I know there are a lot of posts here about the frustration that comes when you care about someone and can't get them to "see the light" about eating primal. I thought I'd start a thread for stories about successful conversions... because now I have one!

I get a lot of crap for my weight. I've always been thin, likely because I was raised pretty close to primal and never, ever bought into the low fat = good for you stuff. Being "naturally" skinny means I have no business talking to anyone about diet, of course, and I know from experience not to bring it up. I NEVER talk about how I eat. But this time I was just over the abuse...

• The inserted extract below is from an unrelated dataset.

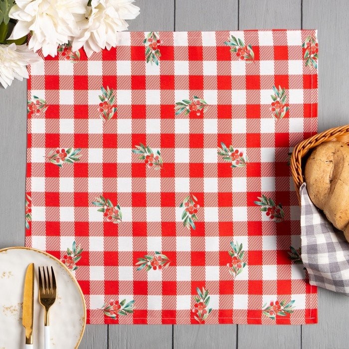 Набор салфеток Этель «Red flowers» 46×46 см — 4шт., 100%хл, саржа 190 г/м2

250lb friend: "I frickin' hate you. You have no idea how much I hate you. How can you have bacon and eggs EVERY DAY and weigh 100lbs? I eat a low-fat yoghurt and gain 10lbs. It's not fair."
Me: "Maybe you're onto something there."
250lb friend: "Yeah, I don't need you to tell me my genes are f****d, thanks."
Me: "No, maybe I'm thinner because I don't eat that kind of crap."
250lb friend: "Everything you eat is crap! Bacon, eggs, steak... you put butter on your vegetables!"
Me: "It works though. Look, maybe I'm just lucky, but I really think the way I eat is better for me than all that processed stuff. Look at the calories in your low-fat yoghurt. They're pretty much the same. They just replace the fat with sugar. And it's not satisfying. You'd be so much better off with real yoghurt. I can give you a book that explains all of it..."
250lb friend: "Go **** yourself. Like you know anything about having to lose weight. You will never, ever get what it's like to be me."

End of conversation.

Six weeks later... my friend has lost 25lbs!!! "I was so angry with you. And then I thought, screw this, I'm never going to win, I'm going to eat the full-fat yoghurt. And I had one, and I wasn't hungry for hours! So I asked Kevin (her boyfriend, my close friend) how you eat, and he told me you do this paleo thing, and I started doing it and look! Look at me! I'd thank you, but I still hate your guts."